Петр Андреевич не выдержал и сказал ему об этом. Николай-бек усмехнулся грустной, иронической улыбкой.
– Жизнь-то больно не радостна моя, не с чего гладким быть, к тому же и раны. Здорово меня в Ашильтах свои отделали, кабы не Иван, тут бы и конец мне. Кстати, вы слыхали об Иване, пропал, бедняга…
– Да слыхал, поймали его.
– Поймали и расстреляли. Мне один человек все подробности рассказал. Молодцом держался, покаялся перед смертью, Богу много молился, перед священником плакал, а у столба веселый стоял, улыбался и глаз просил не завязывать: дозвольте, – говорит, – хоть перед смертью на своих земляков наглядеться, давно не видались. Балагур, как и всегда.
– Как же он попался?
– Выдали мирные чеченцы. Теперь многие из горцев опять к русским потянулись. Шамиль притих. Кубанцев Фези разгромил, сколько аулов уничтожил – сосчитать нельзя… Наибы – которые разъехались по своим аулам, а которые вот так же, как и я, раны залечивают. На Кубани тоже, слышно, много тише стало. Неудачный был для мусульман год, что и говорить. Если бы на месте Шамиля другой был, наверно бы упал духом и окончательно покорился бы русским, но Шамиль не из таких. Только тогда и успокоится, когда в землю зароют или пленником в Россию увезут, а пока он на Кавказе, он не отступит от начатого дела, таков уж характер у него.
– А зачем Иван на русскую сторону ездил? – вернулся Спиридов к прерванному разговору.
– Мой грех: я послал его – хотелось про Дуняшу мою узнать… Ведь я ее, когда русские Ашильту брали, солдатам передал, чтобы к себе в лагерь снесли… Вот и тянуло меня проведать, как она, умерла ли или жива осталась? Знаете, человек глуп, до последней минуты все надеется.
– Ну и что же? – спросил Спиридов.
– Что же, известное дело – умерла, – тяжело вздохнул Николай-бек, – в тот же день к вечеру. Я теперь даже знаю, где и похоронена, ездил смотреть. Внизу под Бетлинской горой, над речкой; чинар стоит там одинокий, а под чинаром камень большой, спасибо, солдаты навалили, чтобы кто могилу не разрыл, на камне крест высечен.
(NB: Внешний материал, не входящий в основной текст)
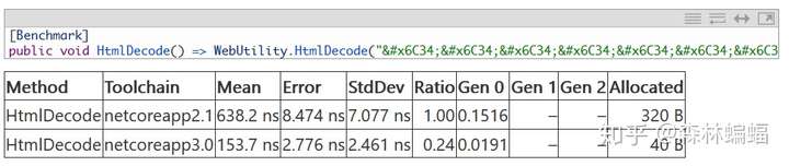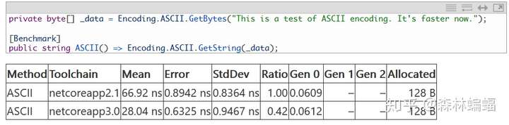 最后,一个非常接近的领域是编码。关于Encoding,一大波优化已经在DNC3中实现,不管是在通用还是特定的编码中。例如这个PR允许Encoding.Unicode.GetString在许多地方应用一个已有的极端条件优化,又或者是这个PR从多个编码实现中移除了一堆无用的虚拟间接寻址(其实就是移除了一些参数并加上一些sealed),还有这个PR,通过利用早些时候提到的“共同元数据-二进制大对象span“支持,来优化Encoding.Preamable;以及这个PR和那个PR大改并流水线化了UF8Encoding和AsciiEncoding的实现。

Вот и все, что осталось от моей Дуняши, словно бы и не было…
Николай-бек глубоко задумался.
Спиридов тоже молчал.
Прошло несколько минут полного безмолвия.
– Теперь, – снова заговорил Николай-бек, – я как есть один остался, кругом один. Дуняша умерла, жена Алимат, помните, я вам рассказывал про нее: красавица, роза Дагестана, погибла, дети зарезаны; последний был Иван – и того теперь нет… Эх, смерть-то не идет. Просто не могу себе представить, что мне теперь с собой делать. Убить себя – неохота, претит мне это, русским отдаться – гонор не позволяет, не баран, чтобы самому горло под нож подставлять; притом же, как вспомню всю эту канитель: суд, допросы, любопытствующие, – а ну их к Богу… не хочу… А и так жить нет возможности. Кабы Дуня жива была – в Турцию ушел бы, а одному и двинуться никуда желания нет… Посмотрим, пускай уж Бог как рассудит, так и будет.